[Recorded data]

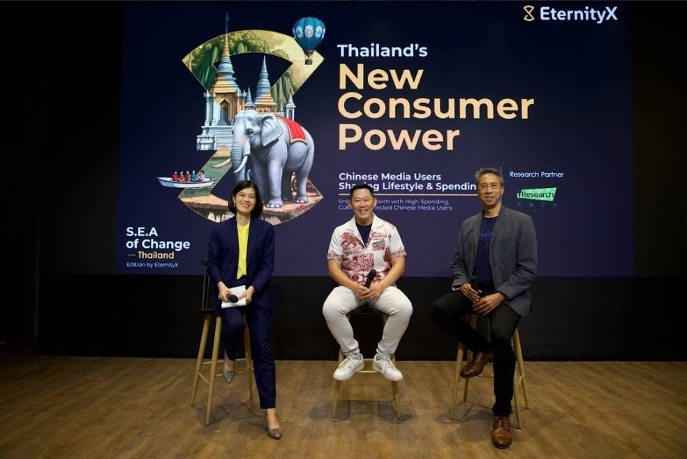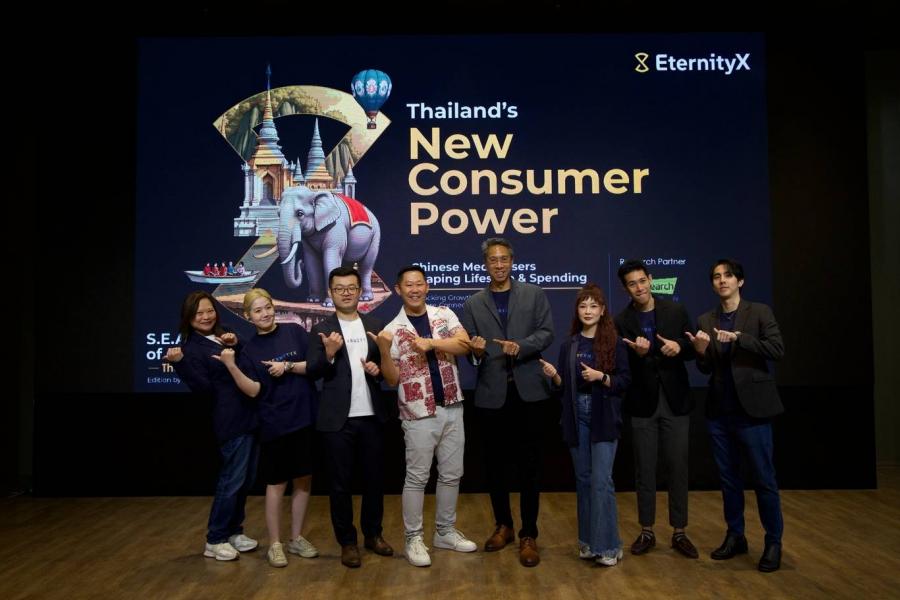 กรุงเทพฯ ประเทศไทย --19 สิงหาคม 2568 บริษัท อีเทอร์นิตี้เอ็กซ์ มาร์เก็ตติ้ง เทคโนโลยี่ จำกัด บริษัทการตลาดชั้นนำระดับโลกที่ขับเคลื่อนด้วย AI และเชี่ยวชาญด้านการเข้าถึงกลุ่มผู้บริโภคจีน ประกาศเปิดสำนักงานในประเทศไทยอย่างเป็นทางการ พร้อมเผยข้อมูลเชิงลึกจากรายงาน S.E.A of Change | Thailand Edition ที่ทำร่วมกับ iResearch เผยกลุ่มผู้ใช้สื่อจีนซึ่งเป็นกลุ่มผู้บริโภคที่เติบโตรวดเร็ว ใช้จ่ายสูง และมีส่วนเชื่อมโยงทางวัฒนธรรม เป็นอีกกลุ่มผู้บริโภคที่มีอิทธิพลและมีกำลังซื้อสูงที่สุดในประเทศไทย 47% ของกลุ่มดังกล่าวใช้จ่ายไปกับผลิตภัณฑ์พรีเมียมกว่า 7000 ดอลลาร์สหรัฐ หรือประมาณ 231000 บาทต่อคนต่อปี ซึ่งสูงสุดเมื่อเทียบกับ 3 ประเทศในภูมิภาคเอเชียตะวันออกเฉียงใต้จากการสำรวจ
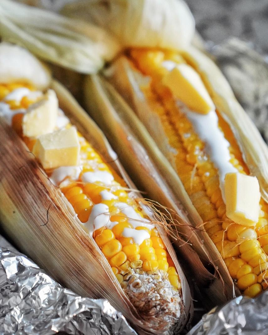 烤了玉米吃吃,淋上奶油和一小块黄油,等待融化!
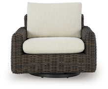 Add luxury, comfort and durability to alfresco fun. This outdoor swivel glider lounge chair captures the textural beauty of wicker while withstanding the elements, from rain to shine. With a UV-resistant design, the wonderfully low-maintenance Nuvella+™ fabric maintains its good looks over time. Deep, roomy seating completes the piece, offering ample space to sprawl out.
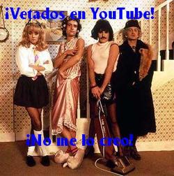 Y es que entiendo que veten otro de los videoclips de Queen, el de Bicycle Race, ya que en él salen mujeres desnudan montando en bicicleta (pero no es un vídeo porno ni nada, las mujeres que aparecen son tanto asiáticas como europeas, pasando por todas las razas, y de todos los tamaños, vamos, que alaba la belleza femenina evitando los tópicos), pero es que en ese vídeo no hay nada que pueda dañar la sensibilidad de nadie. Ya puse aquí I Want To Break Free y creo que pudisteis comprobar que no erro. Ni violencia, ni malos ejemplos, ni escenas ofensivas o sexuales. Nada. Lo único que veo es que el tío de YouTube que lo ha prohibido es sumamente tonto. ¿Por que salgan vestidos de mujer (para hacer una parodia de una serie británica conocida por su falta de gracia) ya corrompe a los menores?
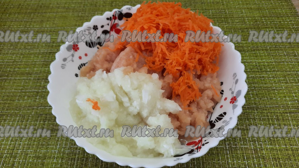 Куриный фарш для этого блюда можно взять покупной, а можно получить его, пропустив кусочки куриного мяса через мясорубку. В глубокой тарелке смешать куриный фарш, измельчённый лук и натёртую морковь, добавить 1/2 чайной ложки (или по вкусу) соли и хорошо перемешать.
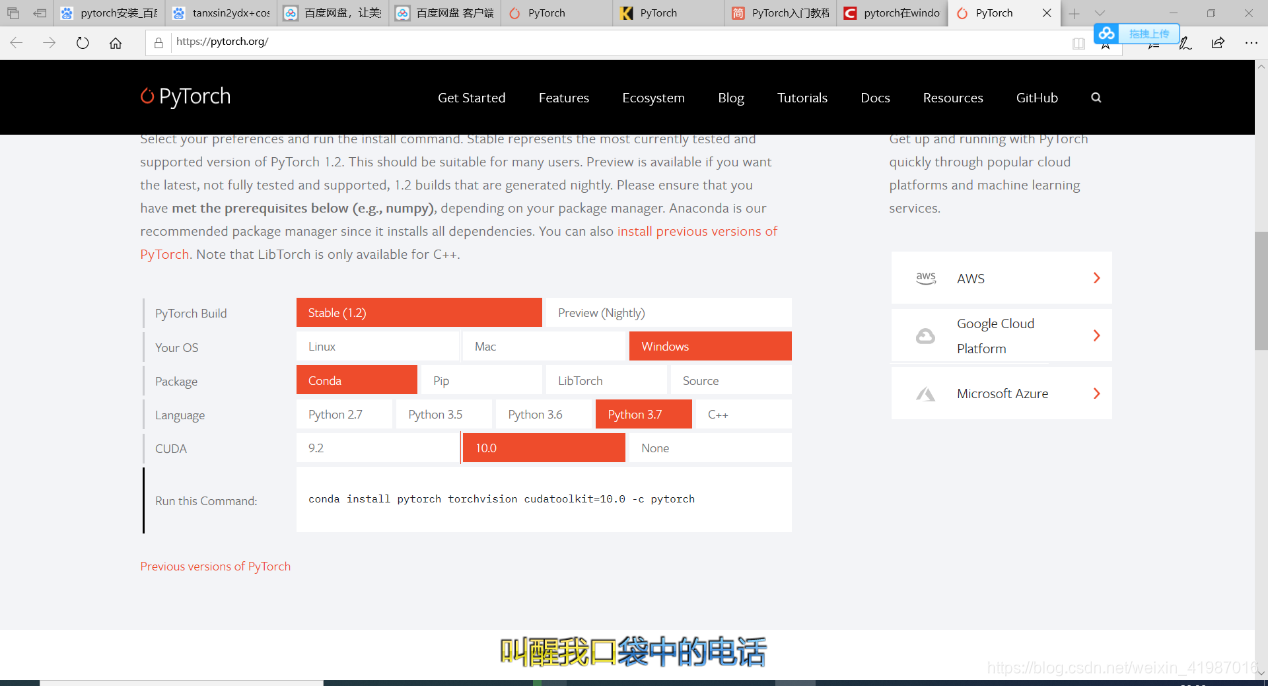 打开网站https://pytorch.org/,选择你需要的即可复制命令
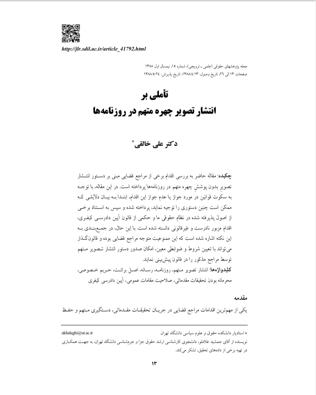 در برخی موارد دستگیری متهمان جرائم خشونت بار و سریالی توسط پلیس که اخبار آن رسانه ای و احساسات عمومی جریحه دار می شود، گاه پس از تشکیل پرونده در دادسرا و به دستور بازپرس تصویر چهره متهم برای شناسایی و مراجعه و شکایت بزه دیدگان منتشر می گردد. اما نکته ای که اخیراً جلب توجه می کند تفاوت تصویر چهره متهم از زمان دستگیری تا زمان انتشار تصویر او در رسانه هاست.
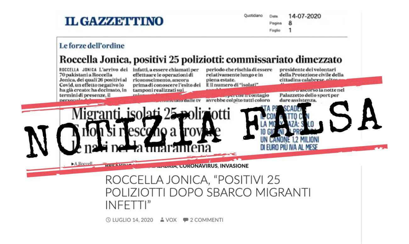 Mercoledì 15 luglio la redazione di Facta ha ricevuto una segnalazione via WhatsApp che chiedeva di verificare le informazioni contenute in un articolo pubblicato il 14 luglio 2020 dal sito web Vox News (finito nella lista di «siti di misinformazione sul Coronavirus» di NewsGuard), dal titolo «Roccella Jonica, “positivi 25 poliziotti dopo sbarco migranti infetti”».
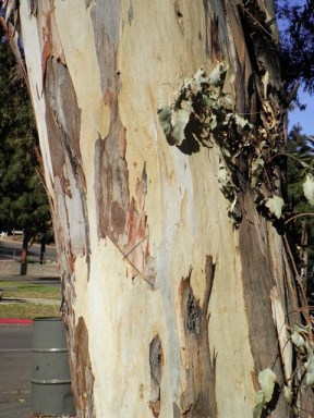 I agree that the tree trunk photographed is part of an Australian gum tree. I know there are Australian gum trees nowadays growing in places like California. Not sure about the origin of the trumpet flower but one of my neighbors has them in her front yard. Personally I think they look more like a plant’s interpretation of a bird of paradise than a trumpet.
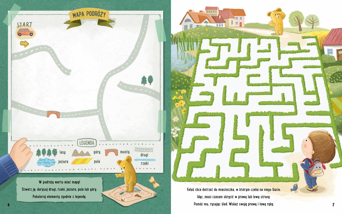Kreatywny zeszyt dla najmłodszych. Krótka historyjka przedstawiona na początku książeczki stanowi punkt wyjścia do zabaw zawartych na dalszych stronach. Zeszyt zawiera aktywności dotyczące czytania, słuchania, myślenia matematycznego i logicznego oraz ćwiczenia na spostrzegawczość, a przede wszystkim ćwiczenia wspierające pracę rąk (grafomotoryczne), dzięki czemu w naturalny sposób wspiera rozwój dzieci. Tom „Zabawy z Felusiem i Guciem. W podróży” przeznaczony jest dla dzieci w wieku 5–6 lat. Wydanie z naklejkami kolorowymi i do kolorowania! Katarzyna Kozłowska – absolwentka pedagogiki specjalnej Uniwersytetu Adama Mickiewicza oraz edukacji artystycznej Uniwersytetu Artystycznego w Poznaniu. Nauczycielka wychowania przedszkolnego. Autorka bestsellerowej serii „Feluś i Gucio”, w której kładzie nacisk na rozwój emocjonalny dziecka, odwołując się do jego przeżyć i sposobu poznawania świata. Marianna Schoett – ilustratorka książek dla dzieci. Ukończyła Państwowe Liceum Sztuk Plastycznych w Bydgoszczy, a następnie kontynuowała naukę na Wydziale Sztuk Pięknych UMK w Toruniu. Rysowanie to od zawsze jej hobby. Już od pierwszego tomu Feluś i Gucio na stałe wpisali się w jej codzienne życie i wytyczają jego rytm, od pewnego czasu także jako bohaterowie gier i zabawek. Nadawanie kształtów kolorowemu światu Felusia i Gucia to obszar, w którym czuje się kompletnie spełniona! Sukces serii przyjmuje z wielką radością, bo właśnie zawsze chciała ilustrować książki. Powyższy opis pochodzi od wydawcy.Szczegółowe informacje na temat książki Zabawy z Felusiem i Guciem W podróży
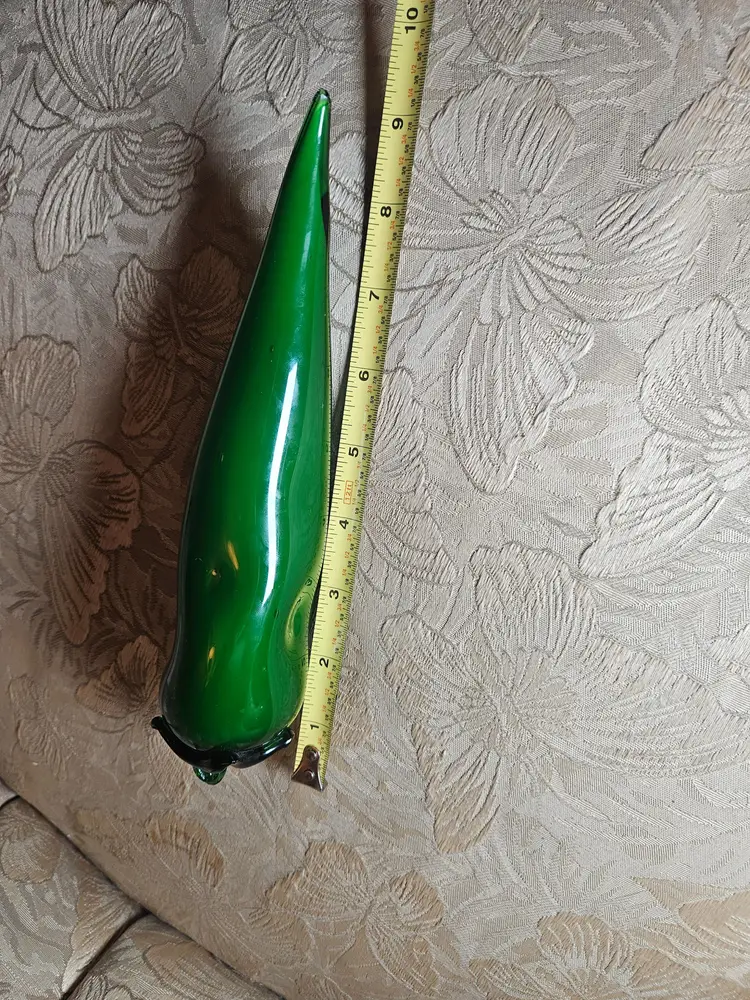 Unique vintage green glass chili pepper figurine. Perfect for adding a pop of color to your kitchen or dining decor. The tip has broken off but it's not much, still usable.
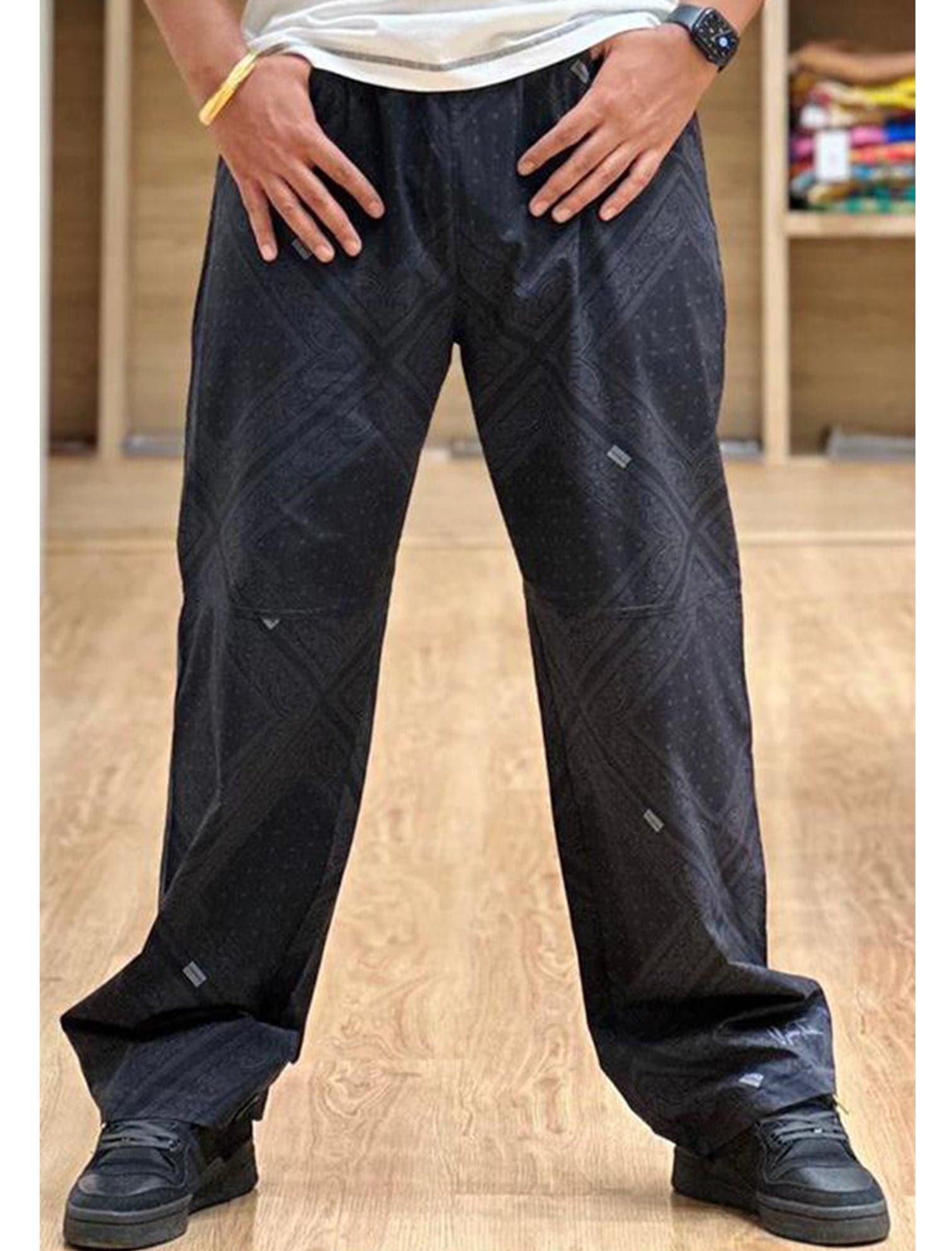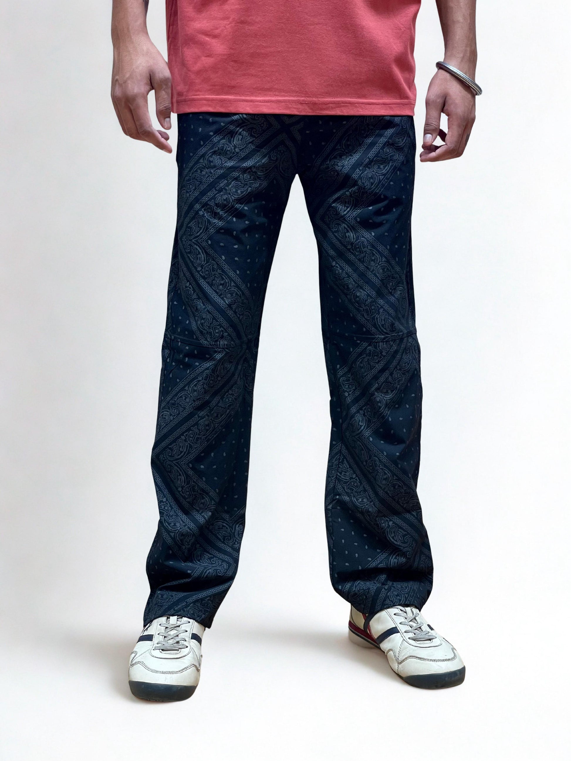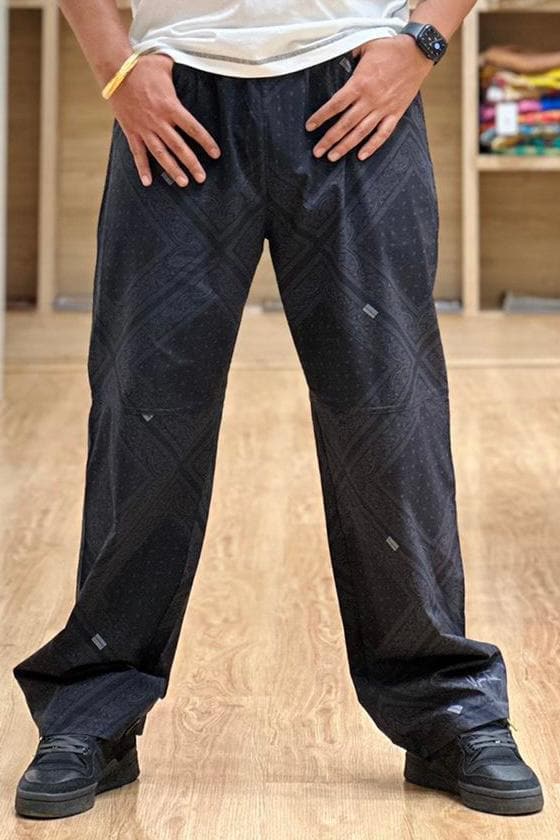 Crafted for everyday rhythm and rugged style, the Nightshade Bandana Lowers are printed in a sleek tonal black-on-black paisley bandana motif that catches light with subtle detail. These straight‑fit pants are cut from a lightweight, flowy stretch fabric that gives way to movement without weighing you down.

- _Exercise_
Transcribe the complete set of entries verbatim. No pictures belong in the copy.

- _Response_
 กรุงเทพฯ ประเทศไทย --19 สิงหาคม 2568 บริษัท อีเทอร์นิตี้เอ็กซ์ มาร์เก็ตติ้ง เทคโนโลยี่ จำกัด บริษัทการตลาดชั้นนำระดับโลกที่ขับเคลื่อนด้วย AI และเชี่ยวชาญด้านการเข้าถึงกลุ่มผู้บริโภคจีน ประกาศเปิดสำนักงานในประเทศไทยอย่างเป็นทางการ พร้อมเผยข้อมูลเชิงลึกจากรายงาน S.E.A of Change | Thailand Edition ที่ทำร่วมกับ iResearch เผยกลุ่มผู้ใช้สื่อจีนซึ่งเป็นกลุ่มผู้บริโภคที่เติบโตรวดเร็ว ใช้จ่ายสูง และมีส่วนเชื่อมโยงทางวัฒนธรรม เป็นอีกกลุ่มผู้บริโภคที่มีอิทธิพลและมีกำลังซื้อสูงที่สุดในประเทศไทย 47% ของกลุ่มดังกล่าวใช้จ่ายไปกับผลิตภัณฑ์พรีเมียมกว่า 7000 ดอลลาร์สหรัฐ หรือประมาณ 231000 บาทต่อคนต่อปี ซึ่งสูงสุดเมื่อเทียบกับ 3 ประเทศในภูมิภาคเอเชียตะวันออกเฉียงใต้จากการสำรวจ
 烤了玉米吃吃,淋上奶油和一小块黄油,等待融化!
 Add luxury, comfort and durability to alfresco fun. This outdoor swivel glider lounge chair captures the textural beauty of wicker while withstanding the elements, from rain to shine. With a UV-resistant design, the wonderfully low-maintenance Nuvella+™ fabric maintains its good looks over time. Deep, roomy seating completes the piece, offering ample space to sprawl out.
 Y es que entiendo que veten otro de los videoclips de Queen, el de Bicycle Race, ya que en él salen mujeres desnudan montando en bicicleta (pero no es un vídeo porno ni nada, las mujeres que aparecen son tanto asiáticas como europeas, pasando por todas las razas, y de todos los tamaños, vamos, que alaba la belleza femenina evitando los tópicos), pero es que en ese vídeo no hay nada que pueda dañar la sensibilidad de nadie. Ya puse aquí I Want To Break Free y creo que pudisteis comprobar que no erro. Ni violencia, ni malos ejemplos, ni escenas ofensivas o sexuales. Nada. Lo único que veo es que el tío de YouTube que lo ha prohibido es sumamente tonto. ¿Por que salgan vestidos de mujer (para hacer una parodia de una serie británica conocida por su falta de gracia) ya corrompe a los menores?
 Куриный фарш для этого блюда можно взять покупной, а можно получить его, пропустив кусочки куриного мяса через мясорубку. В глубокой тарелке смешать куриный фарш, измельчённый лук и натёртую морковь, добавить 1/2 чайной ложки (или по вкусу) соли и хорошо перемешать.
 打开网站https://pytorch.org/,选择你需要的即可复制命令
 در برخی موارد دستگیری متهمان جرائم خشونت بار و سریالی توسط پلیس که اخبار آن رسانه ای و احساسات عمومی جریحه دار می شود، گاه پس از تشکیل پرونده در دادسرا و به دستور بازپرس تصویر چهره متهم برای شناسایی و مراجعه و شکایت بزه دیدگان منتشر می گردد. اما نکته ای که اخیراً جلب توجه می کند تفاوت تصویر چهره متهم از زمان دستگیری تا زمان انتشار تصویر او در رسانه هاست.
 Mercoledì 15 luglio la redazione di Facta ha ricevuto una segnalazione via WhatsApp che chiedeva di verificare le informazioni contenute in un articolo pubblicato il 14 luglio 2020 dal sito web Vox News (finito nella lista di «siti di misinformazione sul Coronavirus» di NewsGuard), dal titolo «Roccella Jonica, “positivi 25 poliziotti dopo sbarco migranti infetti”».
 I agree that the tree trunk photographed is part of an Australian gum tree. I know there are Australian gum trees nowadays growing in places like California. Not sure about the origin of the trumpet flower but one of my neighbors has them in her front yard. Personally I think they look more like a plant’s interpretation of a bird of paradise than a trumpet.
Kreatywny zeszyt dla najmłodszych. Krótka historyjka przedstawiona na początku książeczki stanowi punkt wyjścia do zabaw zawartych na dalszych stronach. Zeszyt zawiera aktywności dotyczące czytania, słuchania, myślenia matematycznego i logicznego oraz ćwiczenia na spostrzegawczość, a przede wszystkim ćwiczenia wspierające pracę rąk (grafomotoryczne), dzięki czemu w naturalny sposób wspiera rozwój dzieci. Tom „Zabawy z Felusiem i Guciem. W podróży” przeznaczony jest dla dzieci w wieku 5–6 lat. Wydanie z naklejkami kolorowymi i do kolorowania! Katarzyna Kozłowska – absolwentka pedagogiki specjalnej Uniwersytetu Adama Mickiewicza oraz edukacji artystycznej Uniwersytetu Artystycznego w Poznaniu. Nauczycielka wychowania przedszkolnego. Autorka bestsellerowej serii „Feluś i Gucio”, w której kładzie nacisk na rozwój emocjonalny dziecka, odwołując się do jego przeżyć i sposobu poznawania świata. Marianna Schoett – ilustratorka książek dla dzieci. Ukończyła Państwowe Liceum Sztuk Plastycznych w Bydgoszczy, a następnie kontynuowała naukę na Wydziale Sztuk Pięknych UMK w Toruniu. Rysowanie to od zawsze jej hobby. Już od pierwszego tomu Feluś i Gucio na stałe wpisali się w jej codzienne życie i wytyczają jego rytm, od pewnego czasu także jako bohaterowie gier i zabawek. Nadawanie kształtów kolorowemu światu Felusia i Gucia to obszar, w którym czuje się kompletnie spełniona! Sukces serii przyjmuje z wielką radością, bo właśnie zawsze chciała ilustrować książki. Powyższy opis pochodzi od wydawcy.Szczegółowe informacje na temat książki Zabawy z Felusiem i Guciem W podróży
 Unique vintage green glass chili pepper figurine. Perfect for adding a pop of color to your kitchen or dining decor. The tip has broken off but it's not much, still usable.
 Crafted for everyday rhythm and rugged style, the Nightshade Bandana Lowers are printed in a sleek tonal black-on-black paisley bandana motif that catches light with subtle detail. These straight‑fit pants are cut from a lightweight, flowy stretch fabric that gives way to movement without weighing you down.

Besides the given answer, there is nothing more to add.